WHAT THE TASK REQUIRES —
After locating "The image features" in the listing below, copy that line and each one after it exactly, ending with the line that has "After breakfast we".
┌─ DATASET EXTRACT
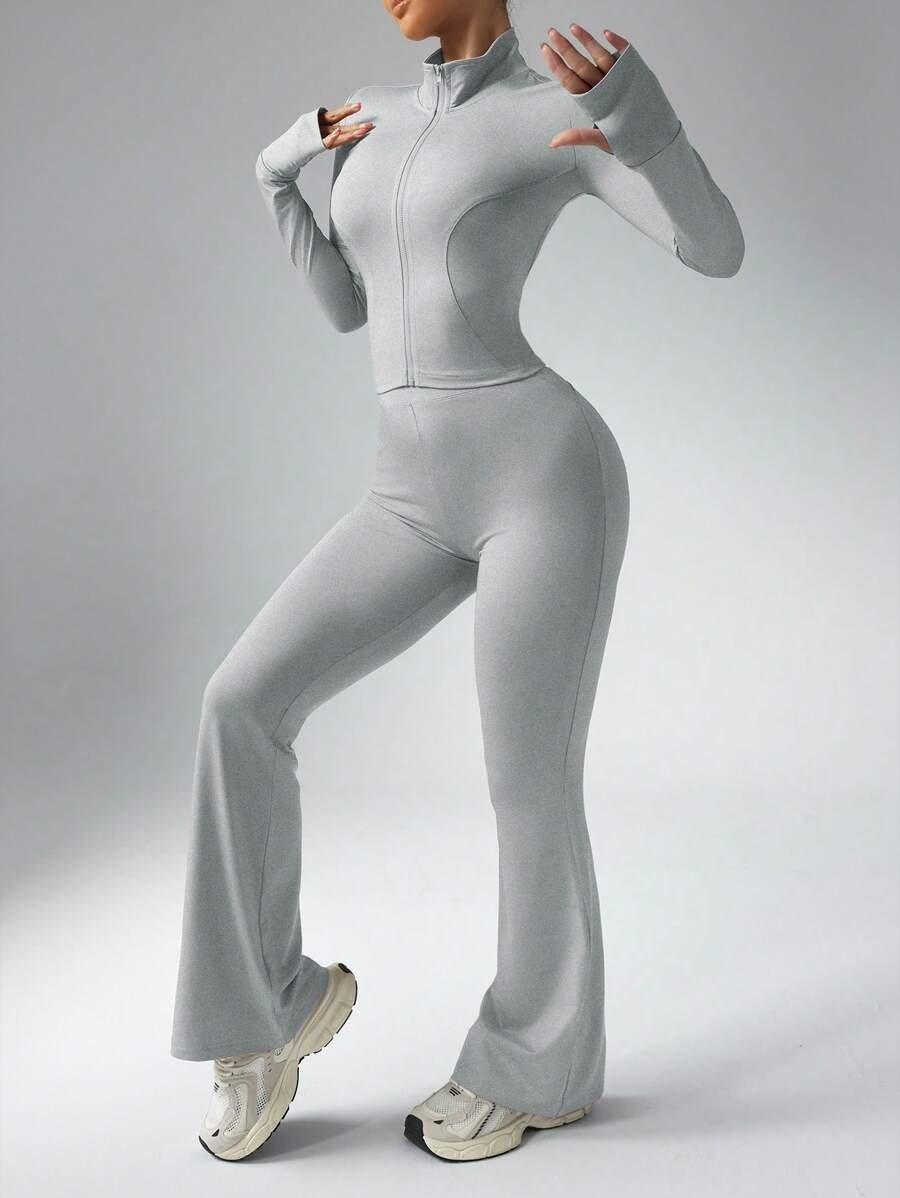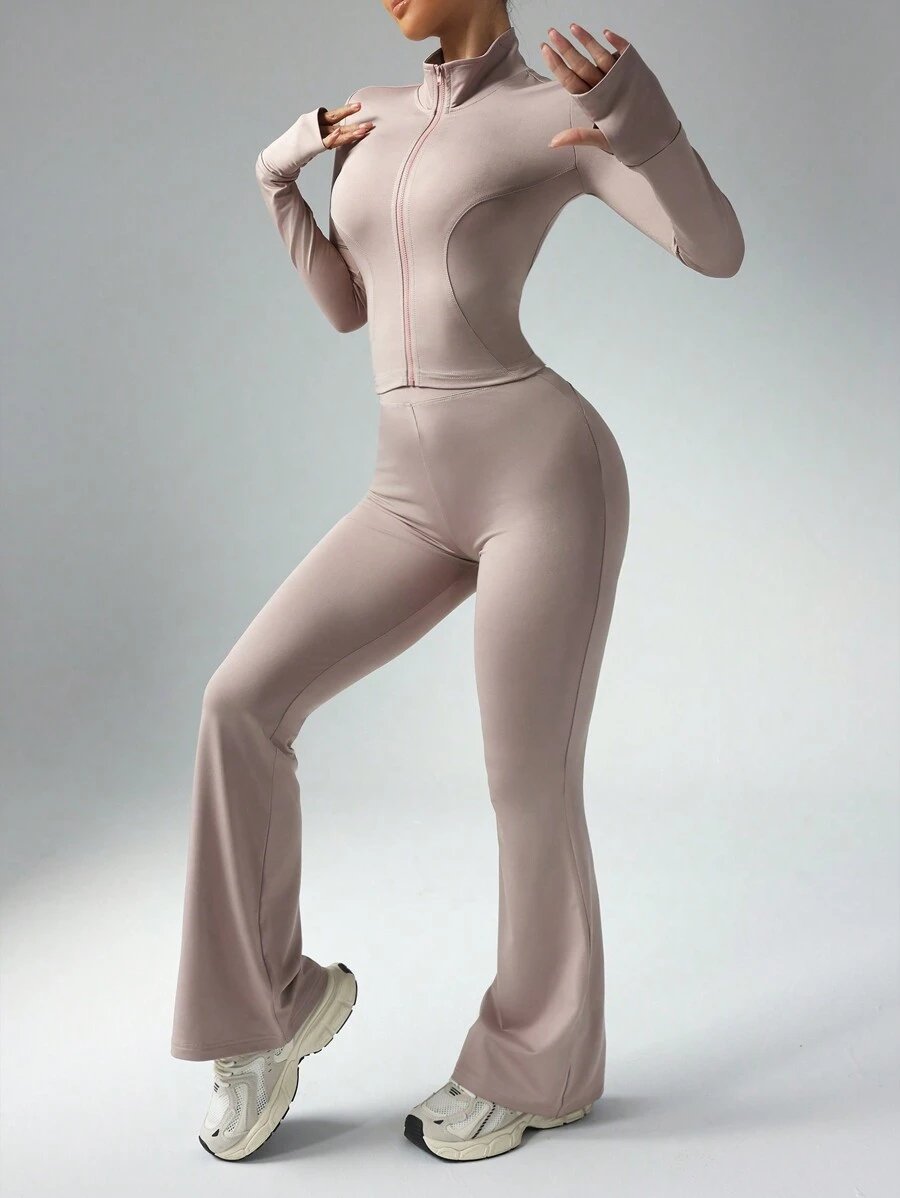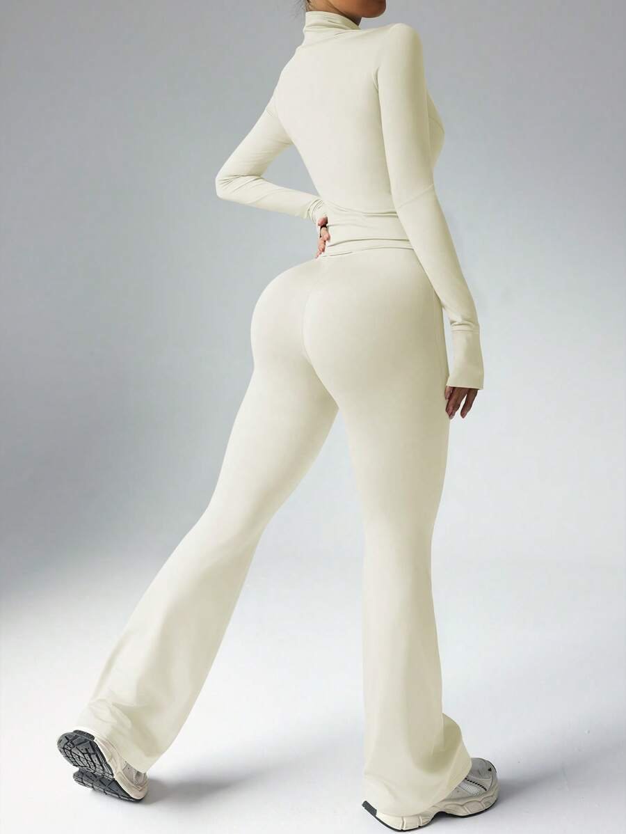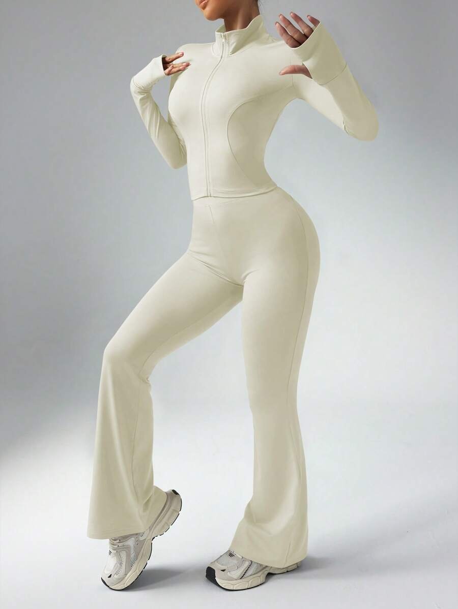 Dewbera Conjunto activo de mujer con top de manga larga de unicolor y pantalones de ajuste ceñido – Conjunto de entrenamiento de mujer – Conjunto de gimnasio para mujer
└─
┌─ DATASET EXTRACT
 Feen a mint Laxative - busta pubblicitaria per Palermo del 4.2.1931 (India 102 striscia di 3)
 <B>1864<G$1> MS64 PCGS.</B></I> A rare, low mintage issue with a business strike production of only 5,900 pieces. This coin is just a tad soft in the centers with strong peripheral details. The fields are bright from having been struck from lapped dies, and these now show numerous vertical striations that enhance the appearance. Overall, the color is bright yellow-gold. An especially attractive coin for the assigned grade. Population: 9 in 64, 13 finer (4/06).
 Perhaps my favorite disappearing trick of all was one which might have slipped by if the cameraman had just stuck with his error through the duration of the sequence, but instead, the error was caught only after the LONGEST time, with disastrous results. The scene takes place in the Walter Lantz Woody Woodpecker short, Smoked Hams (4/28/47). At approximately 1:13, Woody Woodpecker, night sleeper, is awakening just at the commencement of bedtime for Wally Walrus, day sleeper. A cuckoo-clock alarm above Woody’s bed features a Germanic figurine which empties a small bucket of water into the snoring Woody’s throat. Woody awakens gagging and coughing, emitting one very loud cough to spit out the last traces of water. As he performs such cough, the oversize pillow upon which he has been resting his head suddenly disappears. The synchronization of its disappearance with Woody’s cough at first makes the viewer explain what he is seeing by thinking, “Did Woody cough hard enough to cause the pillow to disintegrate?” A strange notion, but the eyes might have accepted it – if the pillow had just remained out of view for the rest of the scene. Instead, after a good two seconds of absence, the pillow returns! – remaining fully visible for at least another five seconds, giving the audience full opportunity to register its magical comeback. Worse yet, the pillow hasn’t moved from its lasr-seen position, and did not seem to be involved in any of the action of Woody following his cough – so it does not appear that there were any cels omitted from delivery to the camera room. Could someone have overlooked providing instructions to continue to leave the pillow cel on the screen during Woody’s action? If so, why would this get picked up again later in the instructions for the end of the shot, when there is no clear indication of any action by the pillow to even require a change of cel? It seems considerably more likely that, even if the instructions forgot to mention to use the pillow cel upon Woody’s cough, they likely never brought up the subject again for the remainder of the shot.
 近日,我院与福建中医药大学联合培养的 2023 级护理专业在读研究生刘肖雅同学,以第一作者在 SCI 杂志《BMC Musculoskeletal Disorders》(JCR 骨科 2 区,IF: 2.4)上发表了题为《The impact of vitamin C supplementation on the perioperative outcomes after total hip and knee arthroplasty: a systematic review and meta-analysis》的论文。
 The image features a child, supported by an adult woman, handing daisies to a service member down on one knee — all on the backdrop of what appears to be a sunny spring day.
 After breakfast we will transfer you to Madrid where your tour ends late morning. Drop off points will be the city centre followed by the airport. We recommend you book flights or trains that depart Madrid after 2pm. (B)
└─
┌─ DATASET EXTRACT
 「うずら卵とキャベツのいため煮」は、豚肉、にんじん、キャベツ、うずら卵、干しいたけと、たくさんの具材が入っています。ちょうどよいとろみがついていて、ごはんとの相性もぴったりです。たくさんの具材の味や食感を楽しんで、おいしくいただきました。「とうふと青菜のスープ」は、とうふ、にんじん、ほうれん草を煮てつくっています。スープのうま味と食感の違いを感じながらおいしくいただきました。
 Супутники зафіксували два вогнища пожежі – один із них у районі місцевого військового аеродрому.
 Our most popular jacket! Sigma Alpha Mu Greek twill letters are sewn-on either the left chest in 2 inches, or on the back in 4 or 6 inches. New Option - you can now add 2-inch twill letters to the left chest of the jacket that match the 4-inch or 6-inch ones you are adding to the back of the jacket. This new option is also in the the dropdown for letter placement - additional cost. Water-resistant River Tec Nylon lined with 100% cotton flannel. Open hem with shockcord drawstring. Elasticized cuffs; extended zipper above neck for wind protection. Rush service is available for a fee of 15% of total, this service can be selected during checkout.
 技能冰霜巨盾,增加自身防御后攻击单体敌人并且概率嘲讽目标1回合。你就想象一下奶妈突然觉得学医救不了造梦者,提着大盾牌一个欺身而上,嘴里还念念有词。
└─
EXERCISE ANSWER —
 The image features a child, supported by an adult woman, handing daisies to a service member down on one knee — all on the backdrop of what appears to be a sunny spring day.
 After breakfast we will transfer you to Madrid where your tour ends late morning. Drop off points will be the city centre followed by the airport. We recommend you book flights or trains that depart Madrid after 2pm. (B)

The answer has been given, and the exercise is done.